━━━ INFORMATION

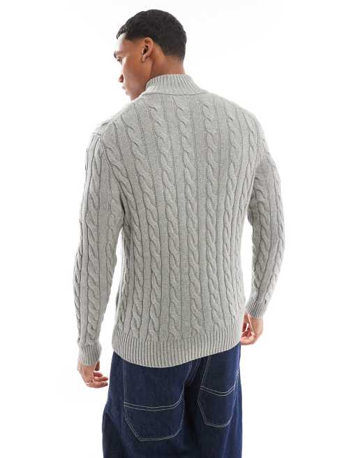 Polo Ralph Lauren icon logo half zip cotton cable knit jumper in grey marl Very well made.
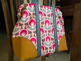 تعليمات الباترون كلها للقماش. و لكن وُضعت إضافات و شرح للراغبين بإستخدام الجلود أو الخامات غير المنسوجة. إستخدمت جلود طبيعية. الأصفر متوسط السمك و قاسي بعض الشيء لذا جعلته للزوايا. الرمادي أقل سماكة و قابل للثني و كانت قطعته أكبر حجماََ لذا كان نصيبه الحزام ( السير ). كان علي تغيير نوع الإبرة و نوع الخيط و طول الغرز كلما بدلت بين القماش و الجلد. كان هذا هو الشيء الوحيد المزعج و لكن النتيجة النهائية كانت تستاهل هذا الإزعاج.
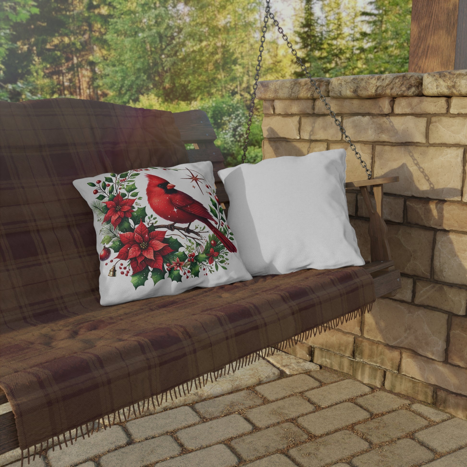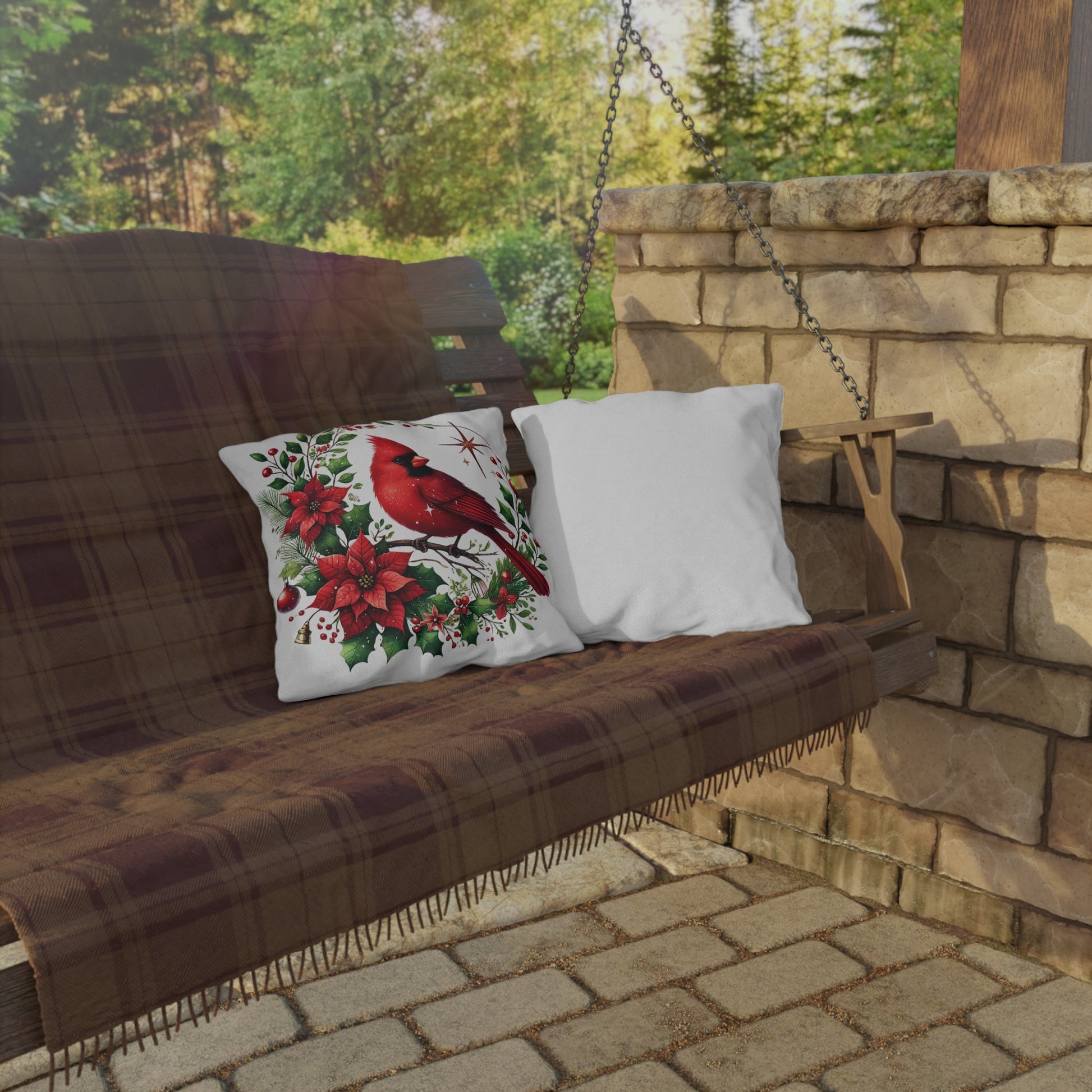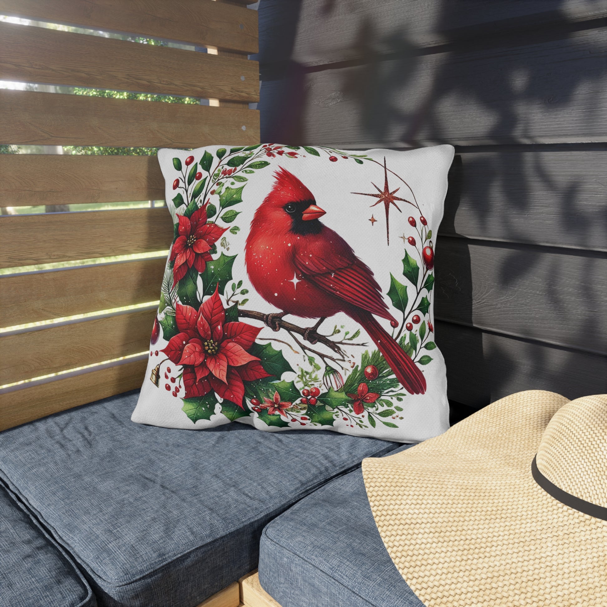 Celebrate the beauty of the holiday season with our Cardinal & Poinsettia Outdoor Pillow. This charming design features a brilliant red cardinal perched among poinsettias, holly, and berries—a heartwarming symbol of peace, hope, and Christmas cheer.
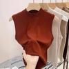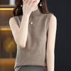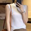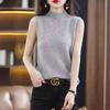 Primavera e Verão Novo Regata Feminina Gola Alta Suspender Camiseta Base Tricô Interno Liso 100 Lã Pulôver Colete
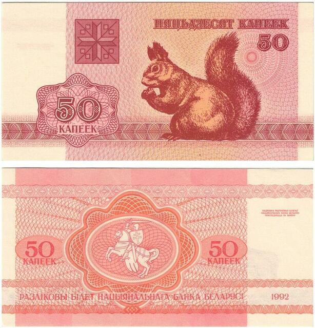 Q5890 Banknote Belarus 50 Kapeek Squirrel 1992 UNC -> Make offer
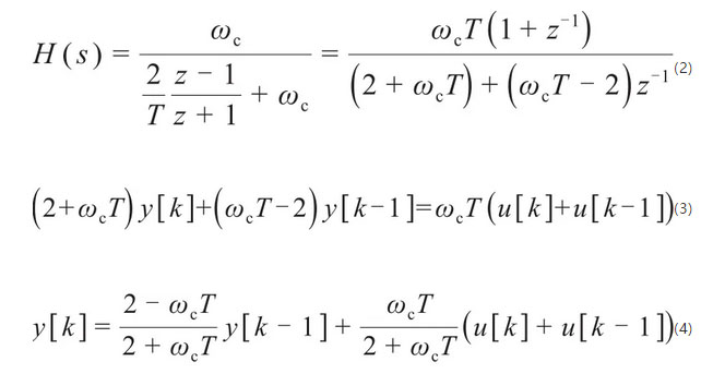 以一階巴特沃斯低通濾波器為例,其傳遞函數(shù)如式(1)所示,ωc為截至頻率,T為采樣時間。
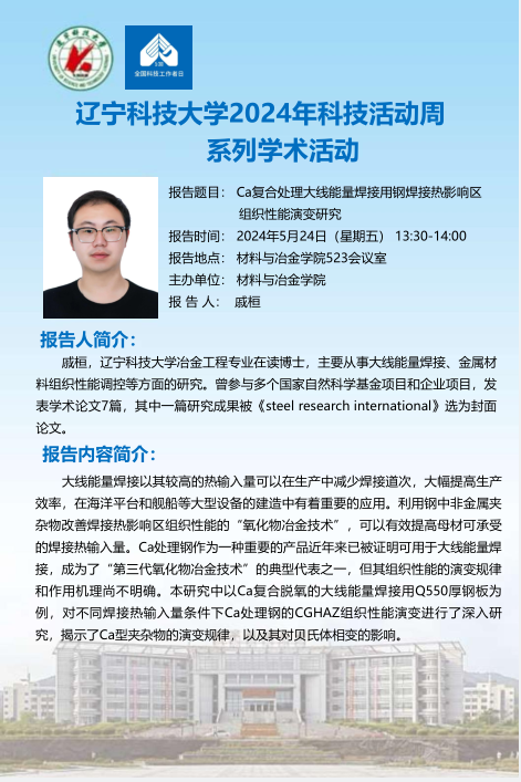 【科技活動周學術預告】Ca復合處理大線能量焊接用鋼焊接熱影響區組織性能演變研究
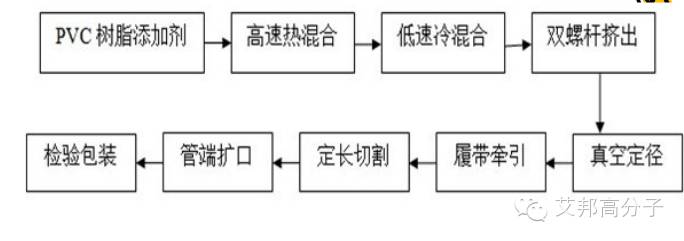 另外,在生产中可与上述所示流程不同,即采取粉料直接挤出管材而不进行造粒,但应注意两点:
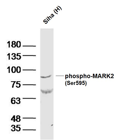 Sample: Siha Cell (Human) Lysate at 30 ug Primary: Anti-phospho-MARK2(Ser595) (bs-5742R)at 1/300 dilution Secondary: IRDye800CW Goat Anti-Rabbit IgG at 1/20000 dilution Predicted band size: 82-90kD Observed band size: 90kD
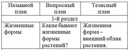 Возьмите любой параграф из вашего учебника по географии или биологии, выделите в тексте микротемы и ключевые слова. Составьте планы текста в таблице (назывной, вопросный, тезисный). Образец выполнения задания см. упр. 128. Перескажите текст, пользуясь одним из составленных планов.
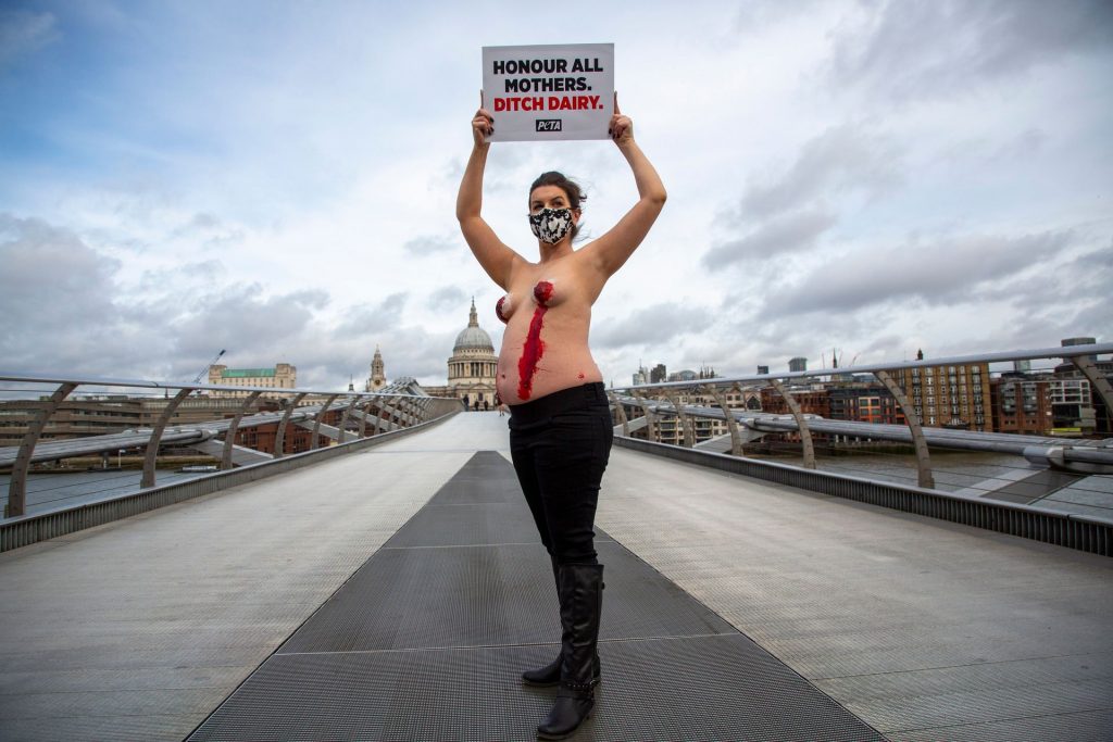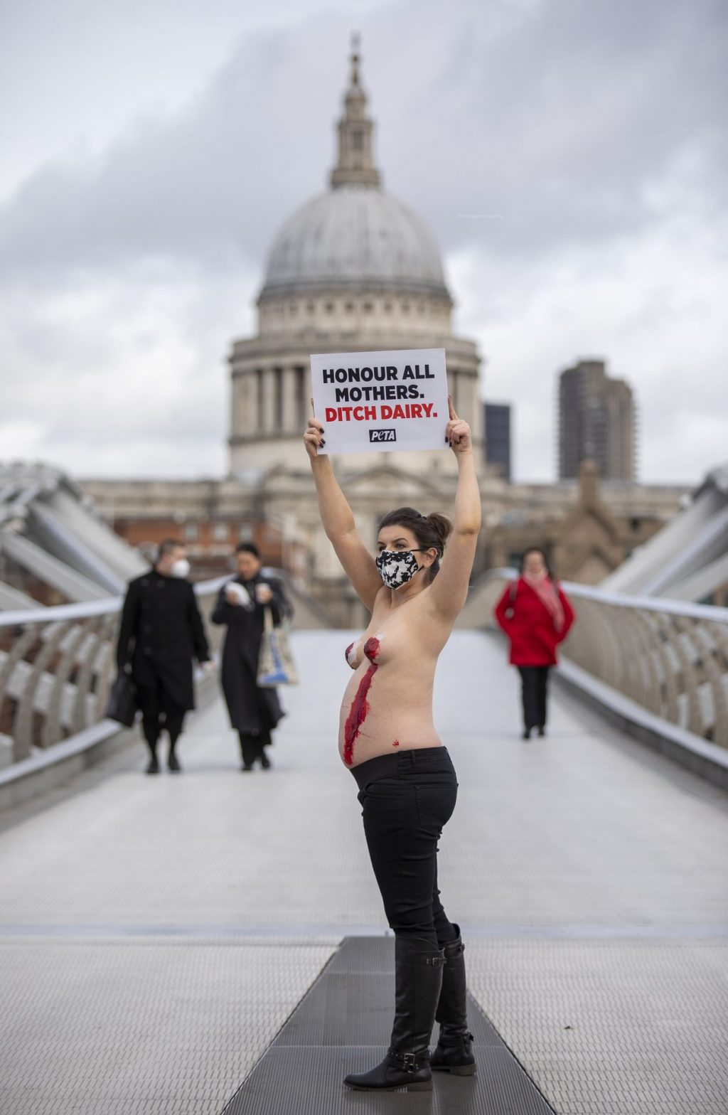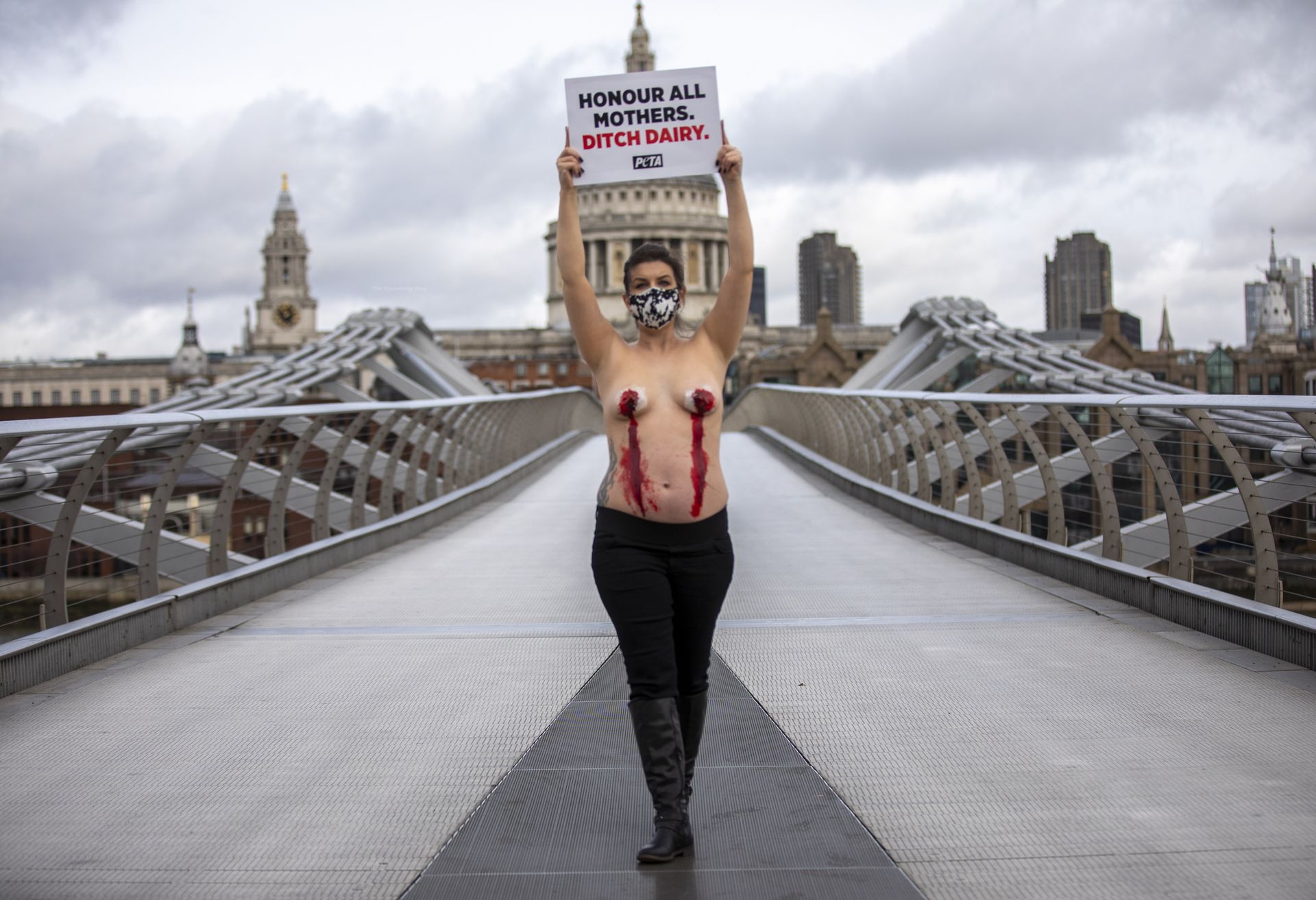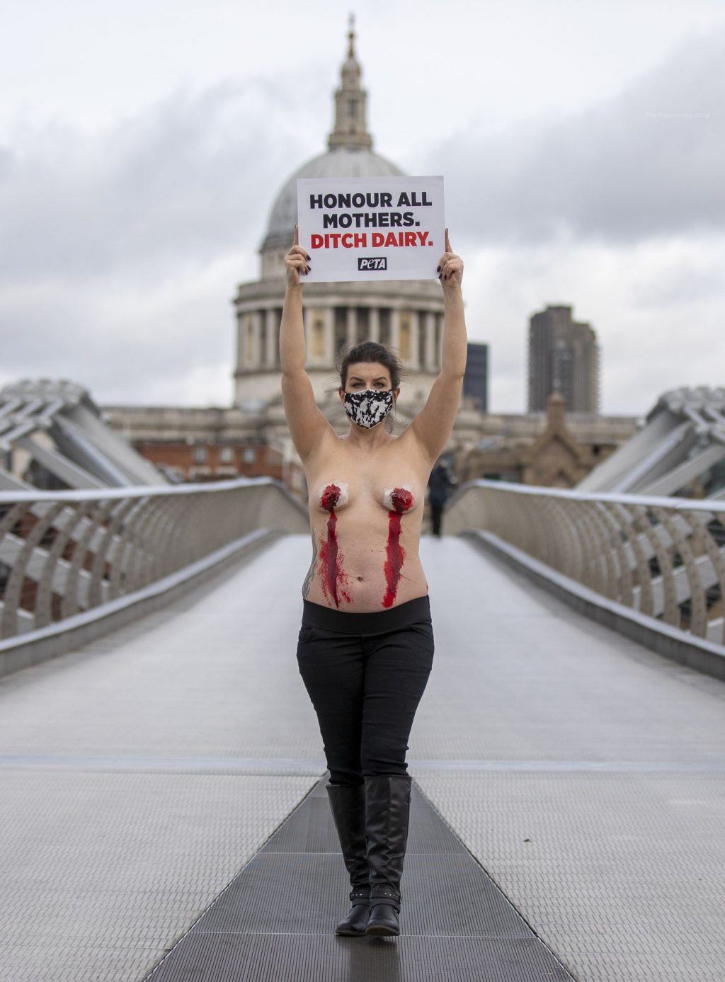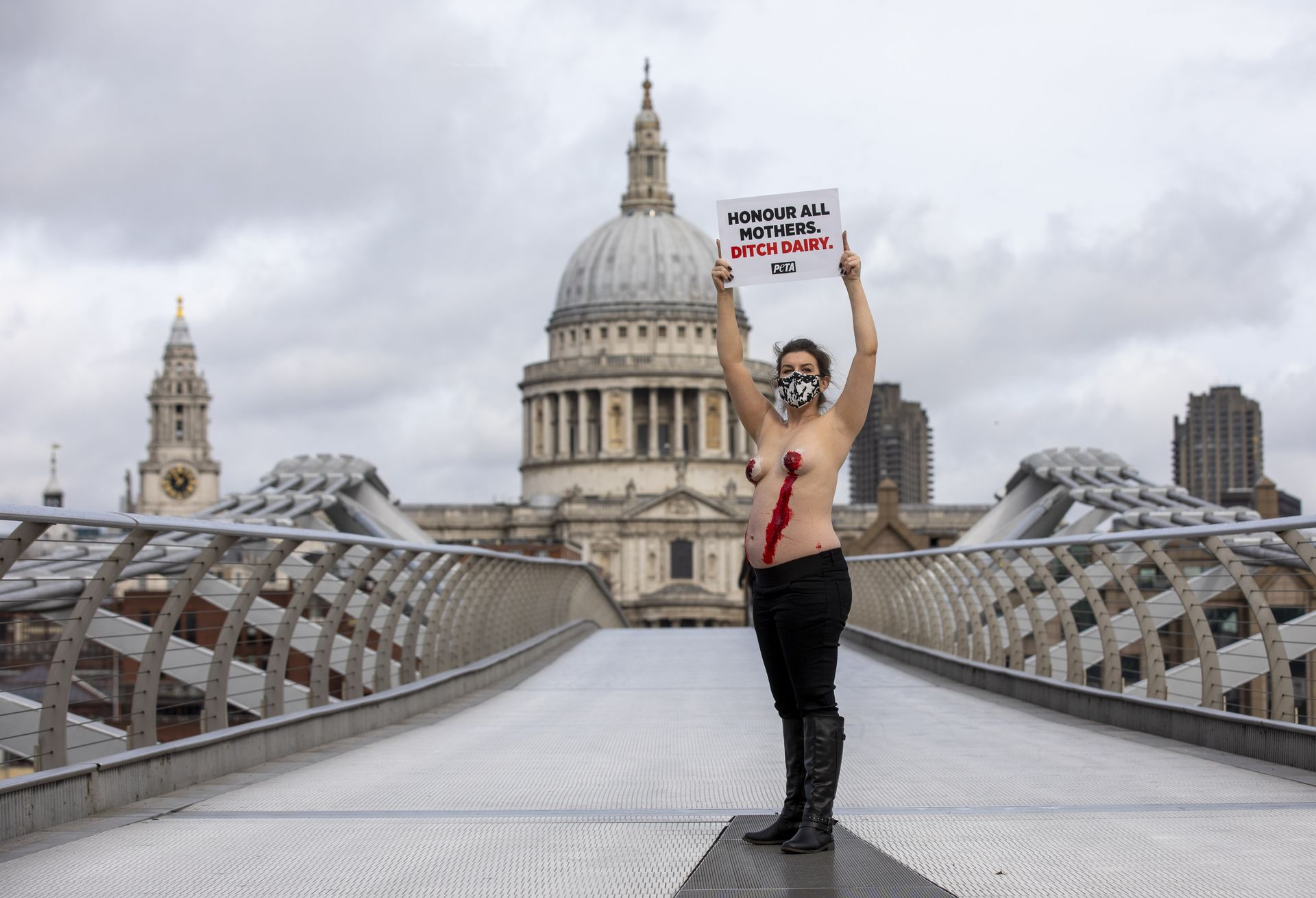 La futura madre Daniella Wood con pezones “sangrantes” participa en una sesión fotográfica de PETA en el Puente del Milenio de Londres para protestar contra la industria láctea en el Día de la Madre en Londres (2021).

━━━━━━

> [WORK REQUIRED]: Reproduce the data above exactly, but only the lines from the one showing "Primavera e Verão" through the one showing "另外,在生产中可与上述所示流", with both ends kept and the pictures left out.

> [ANSWER TO THE PROBLEM]:
 Primavera e Verão Novo Regata Feminina Gola Alta Suspender Camiseta Base Tricô Interno Liso 100 Lã Pulôver Colete
 Q5890 Banknote Belarus 50 Kapeek Squirrel 1992 UNC -> Make offer
 以一階巴特沃斯低通濾波器為例,其傳遞函數(shù)如式(1)所示,ωc為截至頻率,T為采樣時間。
 【科技活動周學術預告】Ca復合處理大線能量焊接用鋼焊接熱影響區組織性能演變研究
 另外,在生产中可与上述所示流程不同,即采取粉料直接挤出管材而不进行造粒,但应注意两点:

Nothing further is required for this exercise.